The first step in solving any problem is always to carefully specify the problem. While this may seem obvious, properly articulating the core problem one seeks to address can be remarkably difficult. Moreover, because everything you will do after articulating your problem is premised on having correctly specified your objective, it is the greatest determinant of the success of your project. The most sophisticated, efficiently executed, high precision, high recall model in the world isn’t worth a lick of good if the results it generates don’t solve the problem you or your stakeholder need solved.
Specifying your problem not only ensures that your subsequent efforts are properly directed, but it can also radically simplify your task. Many times problems only appear difficult because of how they are presented. As Charles Kettering, Head of Research at General Motors from 1920 to 1947 once said, “A problem well stated is a problem half solved.”
How do you know if you’ve “clearly articulated the problem,” and how should you go about refining your problem statement with your stakeholder? Those are topics we will discuss in detail in the coming chapters, as well as strategies for using data to help inform this process through iterative refinement of your understanding of the contours of the problem space.
Stakeholder Management and Domain Expertise#
Application is, in many ways, what sets data science apart from the disciplines of mathematics, computer science, and statistics. And to apply the tools of data science tools effectively, by definition, requires an understanding of the domain to which your tools are being deployed. This fact makes many data scientists uncomfortable — after all, many young data scientists do not even know the industry in which they will be employed when the graduate, never mind feel they can lay claim to being a “domain expert” in any specific substantive field.
A consequence of this discomfort is that “domain expertise” is that the term “domain expertise” is often invoked as a way of abdicating responsibility for part of an analysis as “somebody else’s problem” (a dangerously powerful construction, as explained by the incomparable Douglas Adams).
But it would be a mistake to view domain expertise as beyond the responsibility of the data scientist for two reasons. First, engaging with the details of a substantive domain to tailor the application of data science methods to solve a specific problem isn’t ancillary to the job of a data scientists — it’s a data scientist’s comparative advantage. Data scientists (generally) are not the most technically skilled mathematicians, statisticians, or programmers — we are professionals who specialize in taking the best insights from all three of these skills sets and adapting them to fit the specific needs of a specific problem. So embrace the role of “domain knowledge!”
The second reason is that while you are unlikely to be a “domain expert” yourself, learning to solicit important information about a domain from true domain experts is a skill unto itself.

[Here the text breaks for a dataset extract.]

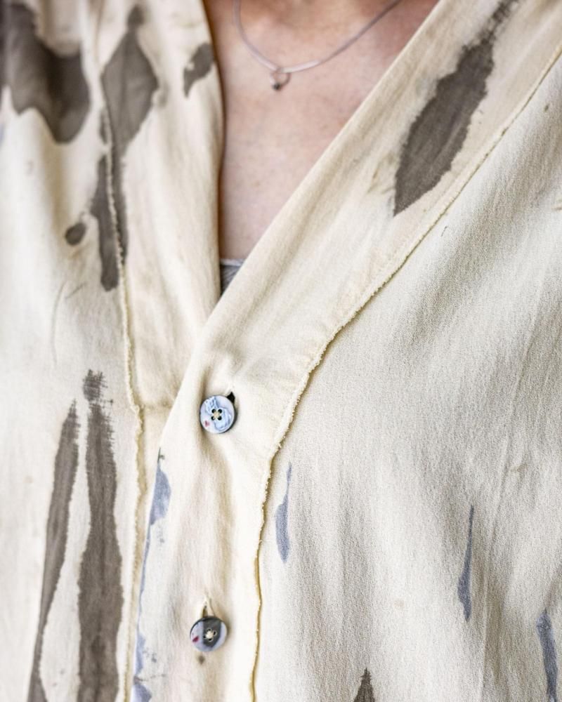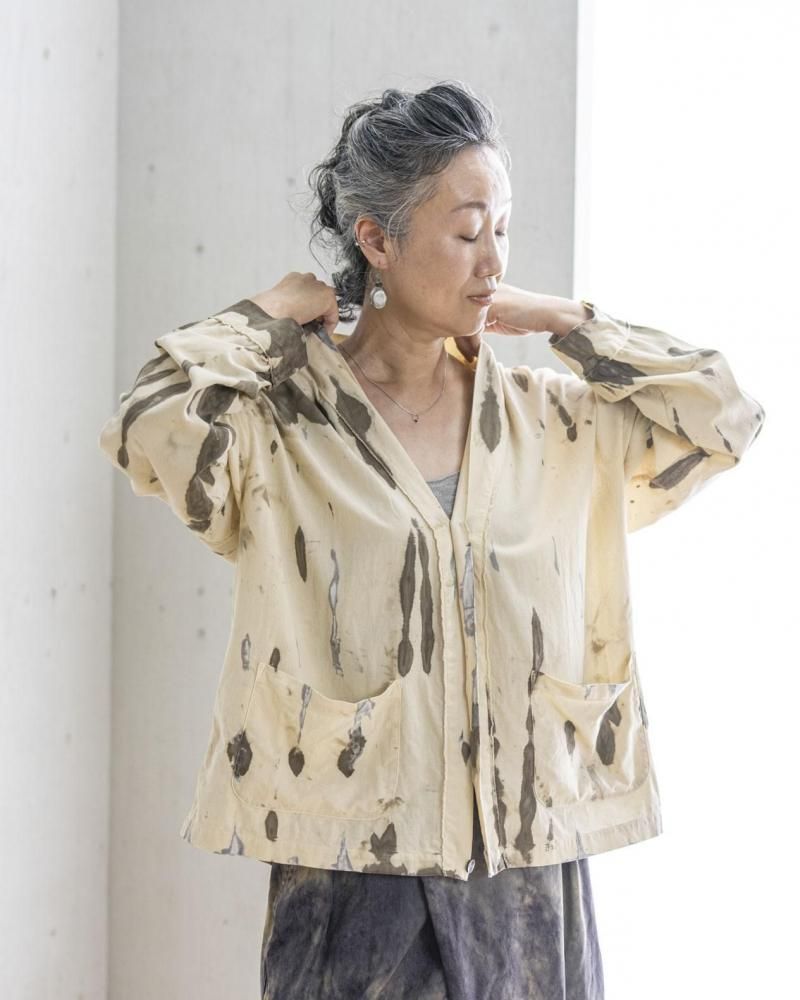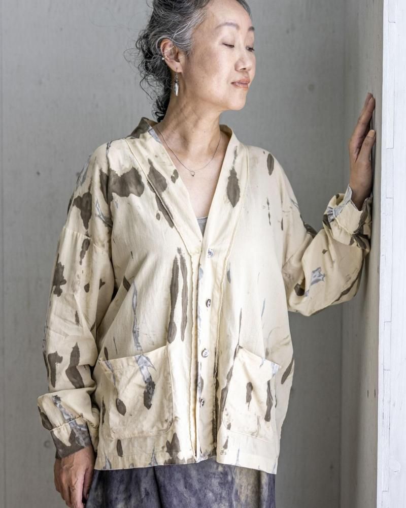 縦糸と横糸に強く拠りをかけた糸で緩やかに織り上げた綿100%のジョーセット生地を使用しています。弱いシボ感とサラリとした肌触りが特徴です。スタンダードでシンプルなカーデガンはスタイリングのポイントにもなりやすいアイテムです

As we will detail in our readings on “stakeholder management,” stakeholders may be experts in their particular substantive domain, but because they (usually) won’t understand data science, they are unlikely to ever provide you with the domain knowledge you need to do your job successfully (and you can’t get away with just saying “yes, this project failed, but it was because you didn’t tell me X!” See the discussion above of the single criterion used to evaluate data scientists). So learning to partner with your stakeholder and domain experts to understand a problem is a key part of understanding it properly, and thus eventually solving it.